Vom Reisen und anderer Mobilität

Fast könnte mein Text mit, „es war einmal …“ anfangen. Es wird August, bis Sie, liebe Leser*innen, diese Ausgabe von Links in der Hand halten werden oder auf einem Bildschirm finden; August, der letzte Monat der Hoch-Zeit des Urlaubens. Ja, es war einmal, aber dieses Jahr doch nicht so ganz. Urlaub war für viele anders gelaufen als sonst. Da war Corona mit im Spiel. Viele wollten deshalb gar nicht verreisen und erholten sich zu Hause – auf dem Balkon, im eigenen Garten (so man hat), im Park und auf Wiesen vor der Stadt, hinter dem Dorf, am nahen See. Andere blieben wenigstens im Lande, manche zog es doch wieder in die weitere Ferne.

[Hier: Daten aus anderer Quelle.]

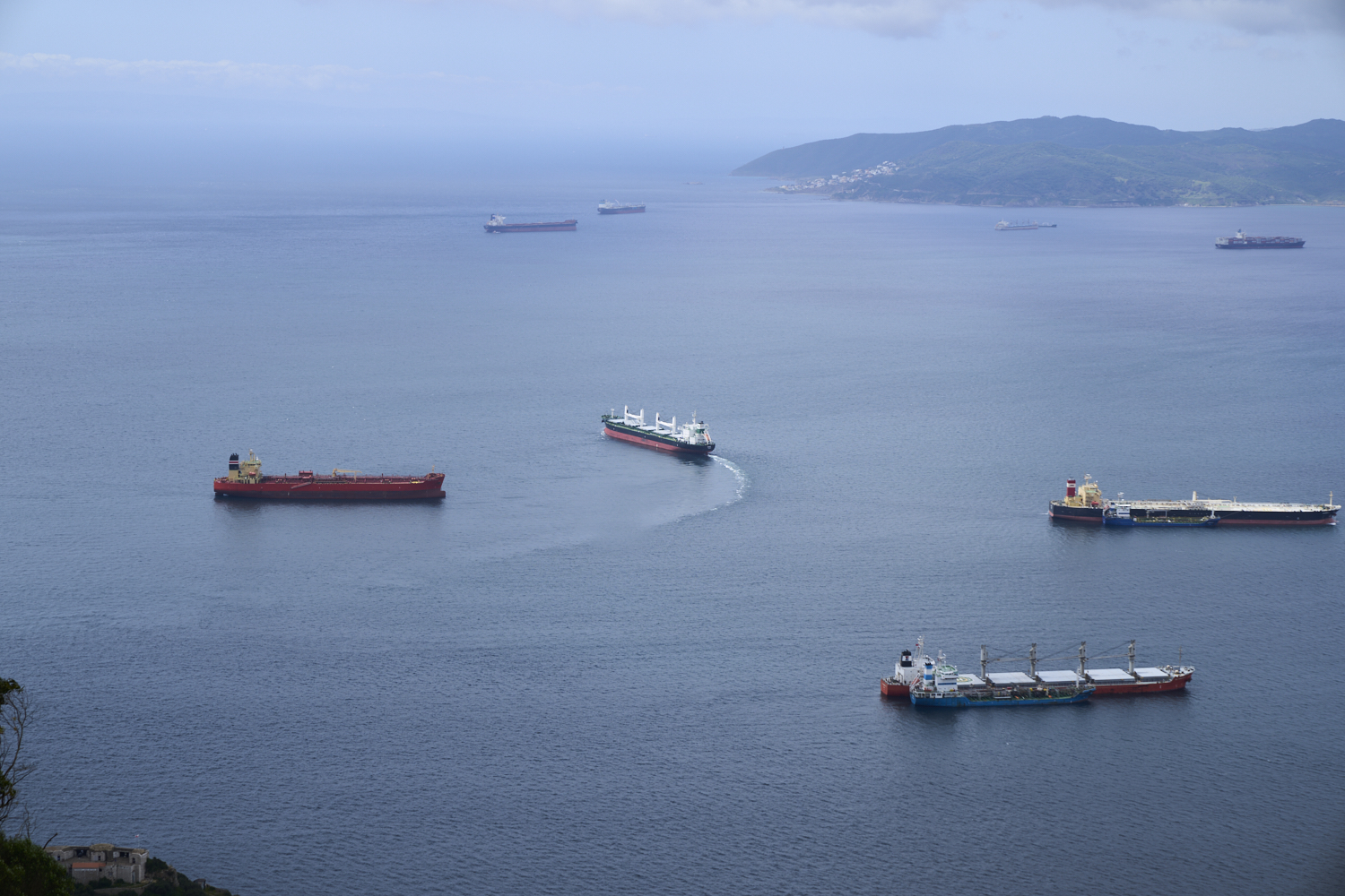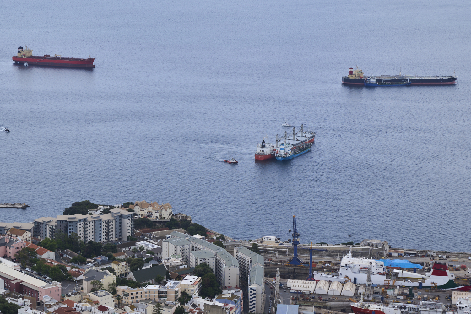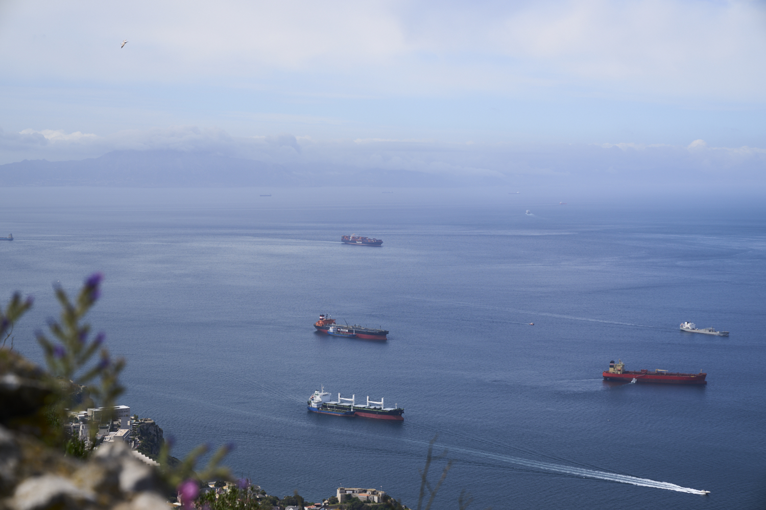 Gibraltar/Algeciras harbor. Visible in the distance in the

Freilich bleibt wahr, was Matthias Claudius schon 1786 besungen hatte: „Wenn jemand eine Reise tut, dann kann er was erzählen.“ Der Poet schildert in seinem Lied die Weltreise seines Helden Urian: Europa, Amerika, Asien, Afrika. Die Schlussfolgerung ist jedoch fast banal: „Und fand es überall wie hier, … die Menschen grade so wie wir und ebensolche Narren.“ Die Lehre des Liedes sollte uns belustigt und zugleich besorgt aufmerken lassen: Ja, der Narreteien finden sich viele in dieser Welt und sie gleichen sich trotz Vielfalt. Das Reisen selbst gehört oft genau so dazu wie die Stubenhockerei. In der österreichischen Tageszeitung KURIER – auch ich war verreist – lese ich am 4. Juli 2020 auf Seite 2 von einem „Sommer voll Ungewissheit“, der uns an diesem Tag noch bevorstand. Mir wird erklärt, warum: „So ist der Mensch eben. So sehr er im Kopf nach Abenteuer, Abwechslung, Aufbruch strebt, so sehr will er doch im Herzen ‚Normalität‘: das Vertraute und Berechenbare.“ Aber Corona hat verändert. Auch das lese ich. Die erste Ferienwelle rollt ans Wasser, trübe schaut es jedoch für den Städtetourismus aus. Die Neugierigen aus dem Ausland bleiben aus. Das gilt für jedes Land in Wechselseitigkeit. Die Kreuzfahrtbranche ist unter Druck geraten, die Fliegerei ist auch nicht mehr der Goldesel, der sie doch bis vor Kurzem noch war.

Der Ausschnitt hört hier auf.